How to Choose the Right Substitute

Select a substitute based on available equipment, pain or injury limitations, and the movement pattern you need. If you have a barbell, choose hip thrusts and load with chains or plates; cue: press through the heels, extend hips to full lockout and maintain a tucked chin. If you need a unilateral option, pick Bulgarian split squats—keep torso upright, lower until the front thigh is parallel and push through the front heel to emphasize glute recruitment. For minimal equipment, use heavy step-ups onto a knee-high box, driving the hip up while avoiding lumbar hyperextension.

Frequently Asked Questions

What muscles does Sled 45° Leg Press (side Pov) work?

The movement primarily targets the gluteus maximus and quadriceps via combined hip extension and knee extension. Secondary muscles include the hamstrings and adductors; pushing through the heel increases posterior-chain (glute/hamstring) activation while a more midfoot emphasis shifts load to the quads.

What is the best bodyweight alternative to Sled 45° Leg Press (side Pov)?

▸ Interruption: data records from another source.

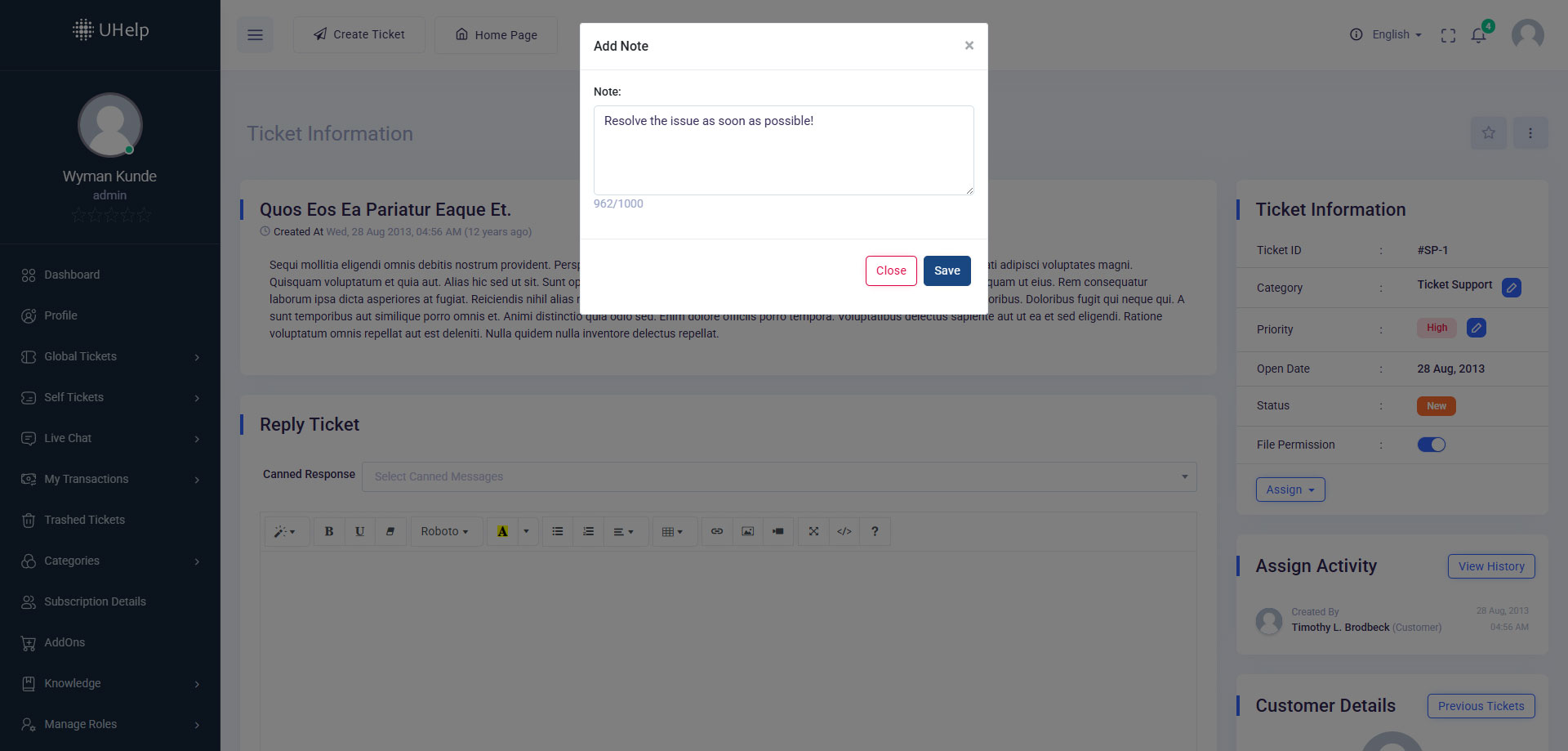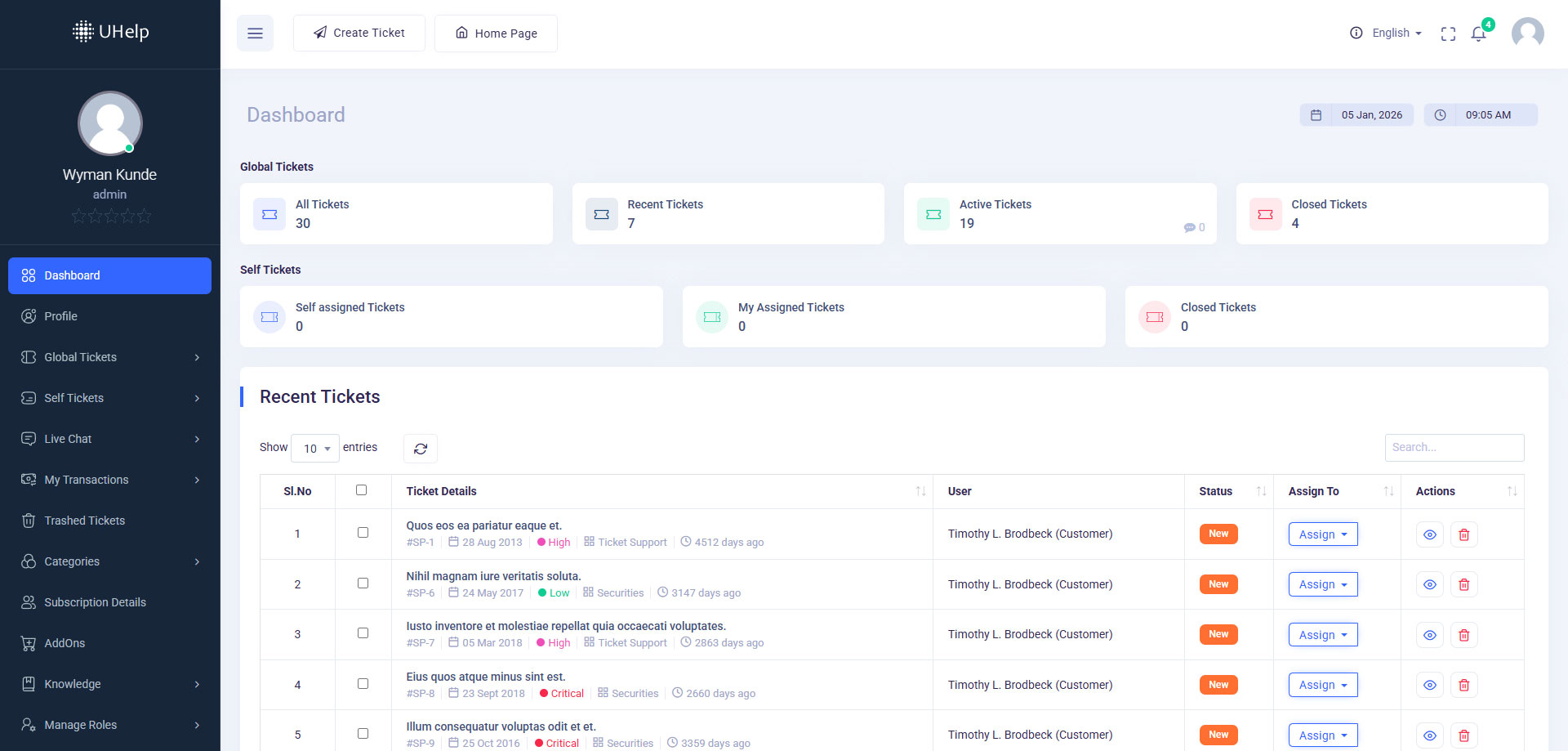 Uhelp is built for teams that need a modern, open-source helpdesk and IT support ticketing system. Whether you’re running a SaaS product, supporting clients as an agency, or managing internal IT requests, Uhelp keeps tickets organized, streamlines workflows, and makes customer support easier for everyone.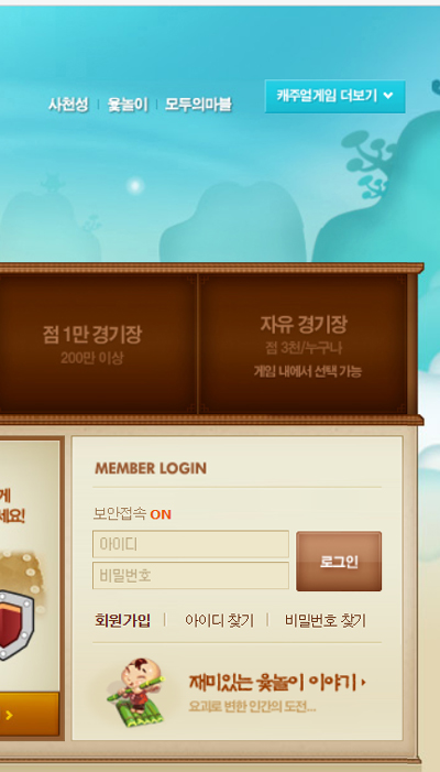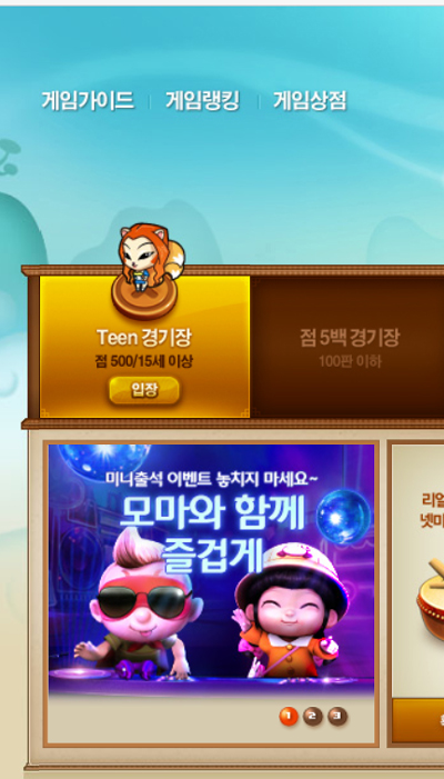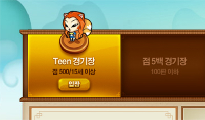 게임은 난이도에 따라서 선택하여 게임방에 들어갈 수 있습니다. Teen 경기장, 점 5백 경기장, 점 1천 경기장, 점 3천 경기장, 점 1만 경기장, 자유경기장을 선택하여 접속할 수 있습니다. 게임 머니가 처음에는 적으니까 욕심을 부려서 큰 게임 방에는 안 들어가는 것이 좋습니다. 레벨이 낮을 때는 들어가 지지도 않지만요.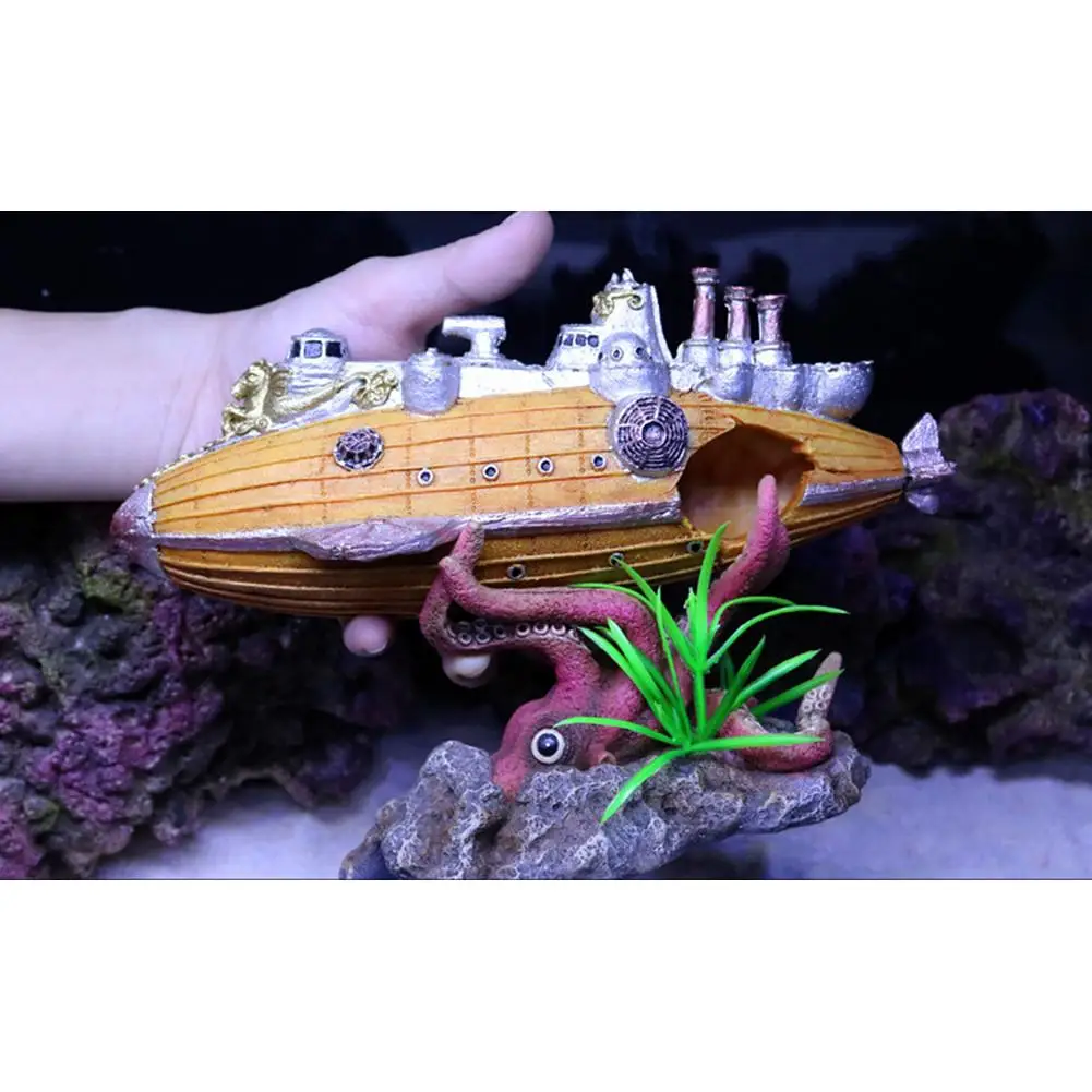 Аквариумный орнамент дирижабль линкор подводная лодка форма приют дом аквариум пещера декор смола орнамент ландшафтное украшение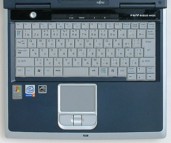 キーボードはキーピッチ19mm、キーストローク3ミリの90キーを採用している。ベース部分に剛性感があるため、一部の製品にみられるようなキーボードの中央部分のたわみもなく、打鍵感は良好だ。ポインティングデバイスはタッチパッド式を採用し、スクロールボタンを備える。このほか、4つのワンタッチボタンを装備しており、Webブラウザやメールソフトの起動がワンタッチで行える。メールボタンにはLEDが付いており、メールの着信時に点灯する。また、USB接続の光学式マウスが付属する。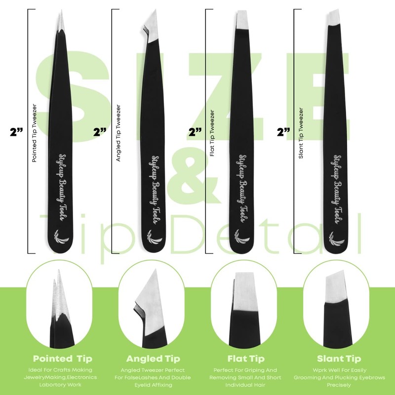 - 4 Practical Tweezers - Different tip shapes included: flat/straight, oblique and pointed; Precision tweezers with different tips remove hair from different parts of the body, which can meet your different needs

Bulgarian split squats are the top bodyweight substitute: position the rear foot on a bench, keep your torso tall, descend until the front thigh is parallel, and drive through the front heel to maximize glute engagement. Perform slow eccentrics and add tempo or a weighted vest to increase load.

Can I build muscle without doing Sled 45° Leg Press (side Pov)?

Yes. You can achieve equal or greater hypertrophy with progressive overload on alternatives like barbell hip thrusts, Romanian deadlifts, and split squats. Focus on progressive loading, full hip extension, and deliberate time under tension to drive glute and quad growth.